Work instructions
Take the lines below from the one with "有名なJ-POPやアニメソン" through the one with "у основания ручки" and print only them, exactly. Don't print the pictures.

Extracted information
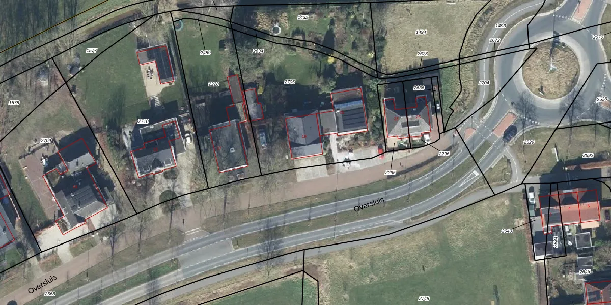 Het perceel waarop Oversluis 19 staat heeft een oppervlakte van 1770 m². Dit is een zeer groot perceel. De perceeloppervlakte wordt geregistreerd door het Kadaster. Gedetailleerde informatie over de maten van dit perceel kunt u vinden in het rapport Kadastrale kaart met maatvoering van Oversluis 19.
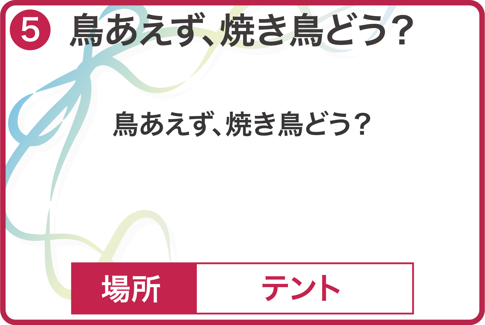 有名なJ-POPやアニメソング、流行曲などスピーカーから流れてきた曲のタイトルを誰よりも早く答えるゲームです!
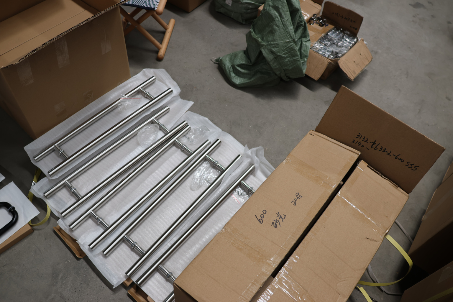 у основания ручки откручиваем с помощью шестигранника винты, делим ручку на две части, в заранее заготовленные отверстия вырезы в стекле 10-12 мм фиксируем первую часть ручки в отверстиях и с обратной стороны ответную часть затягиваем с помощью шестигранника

--

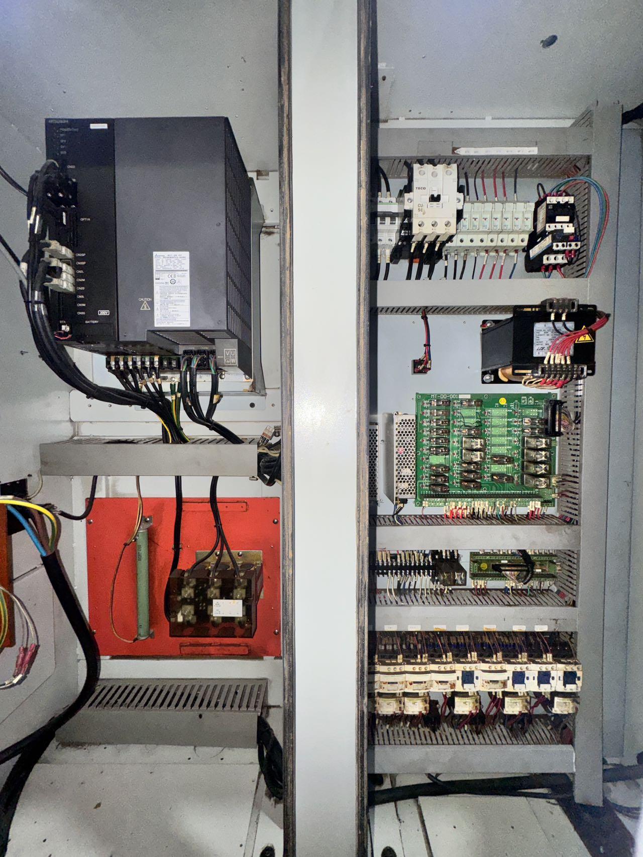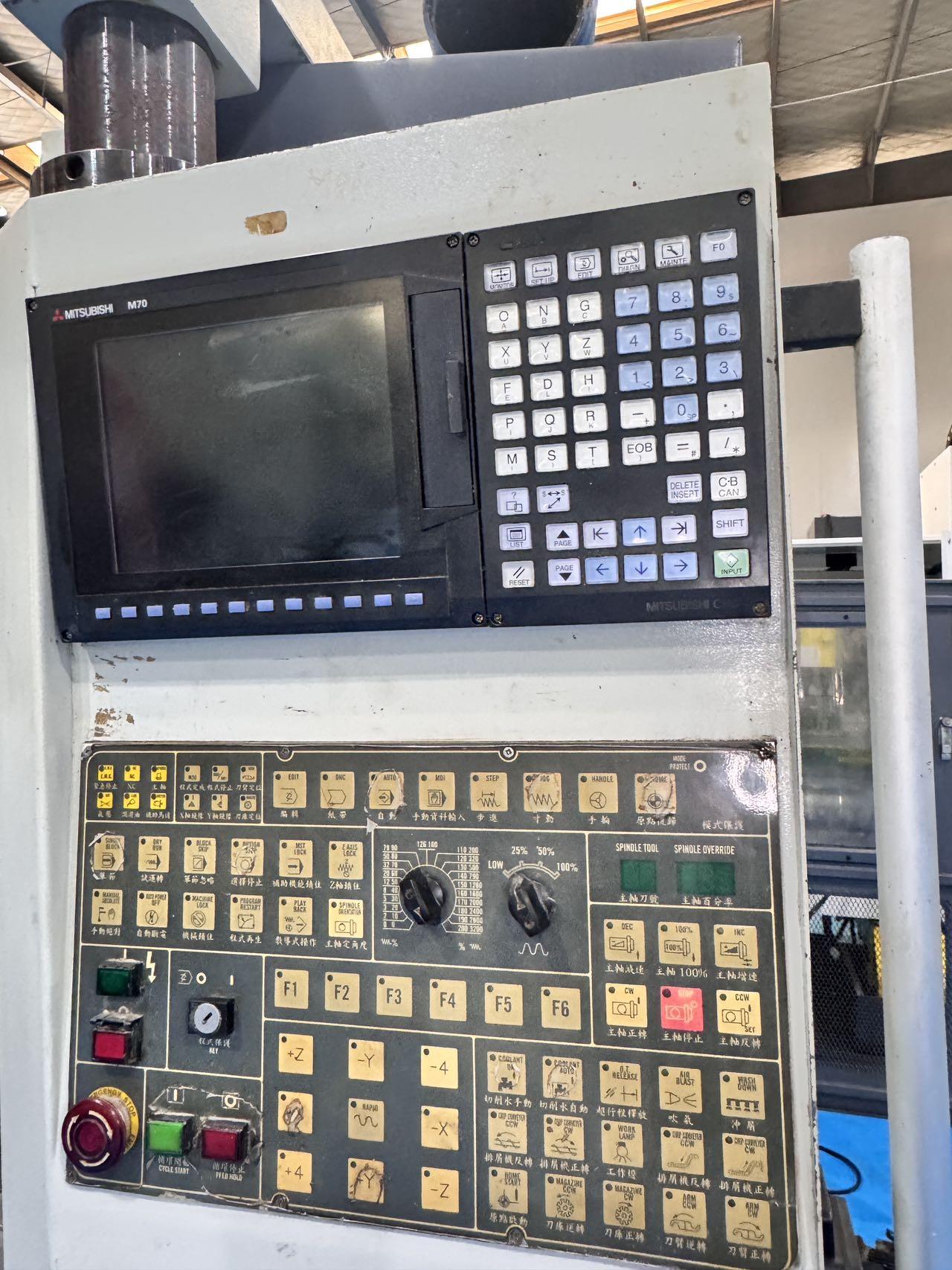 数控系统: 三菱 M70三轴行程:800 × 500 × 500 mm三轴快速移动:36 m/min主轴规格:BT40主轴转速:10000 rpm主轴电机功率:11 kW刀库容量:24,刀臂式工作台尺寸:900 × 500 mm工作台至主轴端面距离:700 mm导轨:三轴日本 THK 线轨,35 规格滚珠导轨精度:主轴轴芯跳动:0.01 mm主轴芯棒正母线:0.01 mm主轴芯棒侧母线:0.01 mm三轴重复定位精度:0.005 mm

Task solution
 有名なJ-POPやアニメソング、流行曲などスピーカーから流れてきた曲のタイトルを誰よりも早く答えるゲームです!
 у основания ручки откручиваем с помощью шестигранника винты, делим ручку на две части, в заранее заготовленные отверстия вырезы в стекле 10-12 мм фиксируем первую часть ручки в отверстиях и с обратной стороны ответную часть затягиваем с помощью шестигранника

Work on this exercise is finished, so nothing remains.